History
The first reported preparation was in 1857 by Henri Etienne Sainte-Claire Deville and Friedrich Wöhler. In their method, silicon was heated in a crucible placed inside another crucible packed with carbon to reduce permeation of oxygen to the inner crucible. They reported a product they termed silicon nitride but without specifying its chemical composition. Paul Schuetzenberger first reported a product with the composition of the tetranitride, Si3N4, in 1879 that was obtained by heating silicon with brasque (a paste made by mixing charcoal, coal, or coke with clay which is then used to line crucibles) in a blast furnace. In 1910, Ludwig Weiss and Theodor Engelhardt heated silicon under pure nitrogen to produce Si3N4. E. Friederich and L. Sittig made Si3N4 in 1925 via carbothermal reduction under nitrogen, that is, by heating silica, carbon, and nitrogen at 1250–1300 °C.
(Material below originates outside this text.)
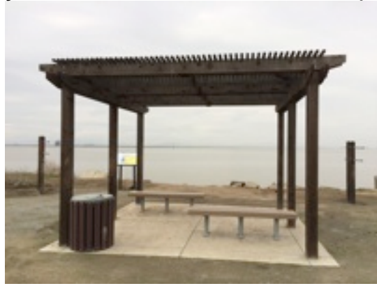
View of the lookout looking west.

Silicon nitride remained merely a chemical curiosity for decades before it was used in commercial applications. From 1948 to 1952, the Carborundum Company, Niagara Falls, New York, applied for several patents on the manufacture and application of silicon nitride. By 1958 Haynes (Union Carbide) silicon nitride was in commercial production for thermocouple tubes, rocket nozzles, and boats and crucibles for melting metals. British work on silicon nitride, started in 1953, was aimed at high-temperature parts of gas turbines and resulted in the development of reaction-bonded silicon nitride and hot-pressed silicon nitride. In 1971, the Advanced Research Project Agency of the US Department of Defense placed a US$17 million contract with Ford and Westinghouse for two ceramic gas turbines.
Even though the properties of silicon nitride were well known, its natural occurrence was discovered only in the 1990s, as tiny inclusions (about 2×0.5 microns in size) in meteorites. The mineral was named nierite after a pioneer of mass spectrometry, Alfred O. C. Nier. This mineral might have been detected earlier, again exclusively in meteorites, by Soviet geologists.